C’est dans cette dynamique que le chef de l’État, le
colonel Assimi Goïta, a fait du renforcement de la sécurité sur l’ensemble du
territoire, un axe prioritaire de la Transition en cours. «Il s’agira pour nous
d’intensifier les efforts pour contribuer au quotidien à l’amélioration de
l’efficacité et de la crédibilité des institutions pour offrir des services de
qualité aux populations», a expliqué le colonel-major Philippe Sangaré.

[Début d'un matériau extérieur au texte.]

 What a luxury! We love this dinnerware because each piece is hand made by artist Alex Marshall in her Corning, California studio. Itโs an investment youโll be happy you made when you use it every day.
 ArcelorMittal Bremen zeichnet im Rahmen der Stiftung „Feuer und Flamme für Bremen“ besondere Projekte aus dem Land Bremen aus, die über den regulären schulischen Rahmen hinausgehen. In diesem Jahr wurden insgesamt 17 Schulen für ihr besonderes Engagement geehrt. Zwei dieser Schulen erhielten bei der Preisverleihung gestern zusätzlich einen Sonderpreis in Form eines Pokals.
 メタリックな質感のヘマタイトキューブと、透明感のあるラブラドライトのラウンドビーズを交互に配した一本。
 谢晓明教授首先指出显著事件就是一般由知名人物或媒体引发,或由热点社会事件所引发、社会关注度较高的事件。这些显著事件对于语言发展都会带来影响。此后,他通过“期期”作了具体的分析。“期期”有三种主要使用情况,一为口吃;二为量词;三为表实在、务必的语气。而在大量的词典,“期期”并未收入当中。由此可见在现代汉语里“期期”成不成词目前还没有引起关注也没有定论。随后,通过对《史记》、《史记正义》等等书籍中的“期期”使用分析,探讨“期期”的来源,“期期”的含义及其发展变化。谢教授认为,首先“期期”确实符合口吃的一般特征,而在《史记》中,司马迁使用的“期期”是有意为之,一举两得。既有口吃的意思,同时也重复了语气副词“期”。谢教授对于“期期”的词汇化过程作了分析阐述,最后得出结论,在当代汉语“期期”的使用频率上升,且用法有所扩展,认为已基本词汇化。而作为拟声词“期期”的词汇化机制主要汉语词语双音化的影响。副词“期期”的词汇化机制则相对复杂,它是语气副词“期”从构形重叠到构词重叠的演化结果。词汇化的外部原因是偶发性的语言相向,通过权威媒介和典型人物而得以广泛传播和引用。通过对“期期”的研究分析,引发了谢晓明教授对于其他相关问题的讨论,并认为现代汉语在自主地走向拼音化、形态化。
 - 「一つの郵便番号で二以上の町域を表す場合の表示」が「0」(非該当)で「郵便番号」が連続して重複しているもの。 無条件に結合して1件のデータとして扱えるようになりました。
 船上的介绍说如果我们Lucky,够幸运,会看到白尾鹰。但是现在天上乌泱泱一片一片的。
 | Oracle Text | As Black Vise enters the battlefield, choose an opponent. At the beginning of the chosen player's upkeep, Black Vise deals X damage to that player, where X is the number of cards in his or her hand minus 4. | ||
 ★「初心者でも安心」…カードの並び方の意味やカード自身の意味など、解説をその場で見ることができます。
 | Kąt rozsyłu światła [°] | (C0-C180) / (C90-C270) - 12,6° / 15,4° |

Pour
lui, il s’agit aussi d’instaurer une nouvelle culture inclusive et prenant en
compte la dimension humaine, le changement d’attitude et de comportement.
Le président
de la CAD-Mali a, pour sa part, rappelé que depuis près d’une décennie, notre
pays est confronté à une instabilité marquée par une crise multidimensionnelle.
Selon Issa Kamissoko, les communautés rencontrent d’énormes difficultés pour
accéder aux services de sécurité et de justice.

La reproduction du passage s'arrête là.